Authors: Carmen Cox
(CAIRO) -- Egypt is coming closer to seeing a new democratically elected government. After two days of polling, the polling stations are closed and election officials have started to count votes to see who will be the nation's first president elected by its people.
Voter turnout Wednesday appeared lower than in the first post-Mubarak parliamentary poll held late last year. Voting in both urban and rural areas seemed split between five leading contenders, but no reliable pattern pointed to a winner as of early Thursday. Still, based on its own estimates, the Muslim Brotherhood asserted that its own candidate, Mohammed Mursi, was in the lead ahead of 12 others competing for the presidency, BBC News reports.
Generally, election spectators have expressed satisfaction with the voting process.
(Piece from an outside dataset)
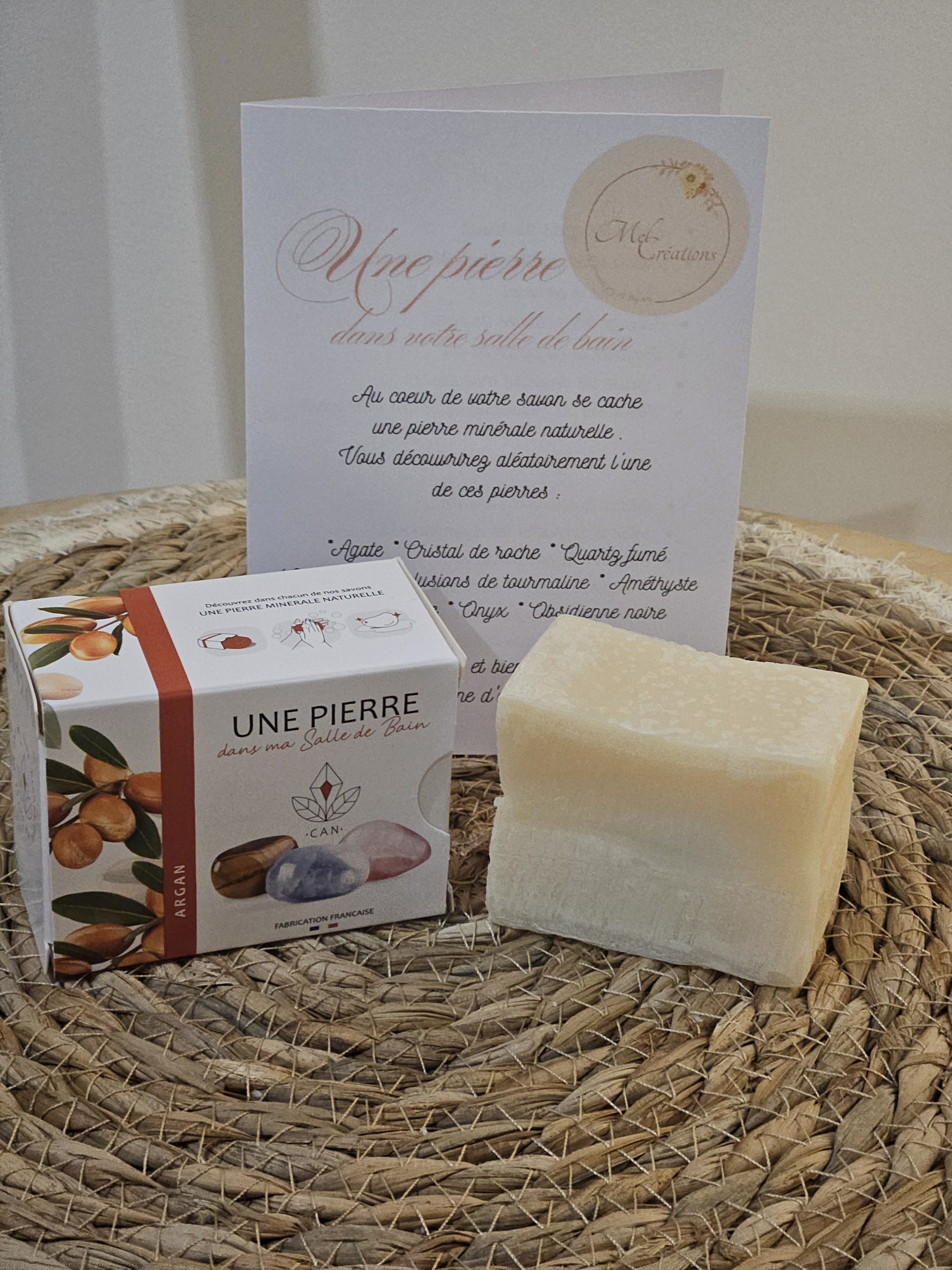 Un savon qui cache en son centre une pierre naturelle .

U.S. Secretary of State Hillary Clinton Thursday spoke to the significance of the Egypt's elections, which she said marked "another important milestone in their transition to democracy."
"We look forward to working with Egypt's democratically elected government," Clinton said in a statement Thursday. "We will continue to stand with the Egyptian people as they work to seize the promise of last year's uprising and build a democracy that reflects their values and traditions, respects universal human rights, and meets their aspirations for dignity and a better life."
The election's results are set to be announced Tuesday, but some individual polling stations are expected to announce results by Friday morning.
A run-off vote is scheduled for June 16 and 17 if no candidate manages to get more than 50 percent of the votes.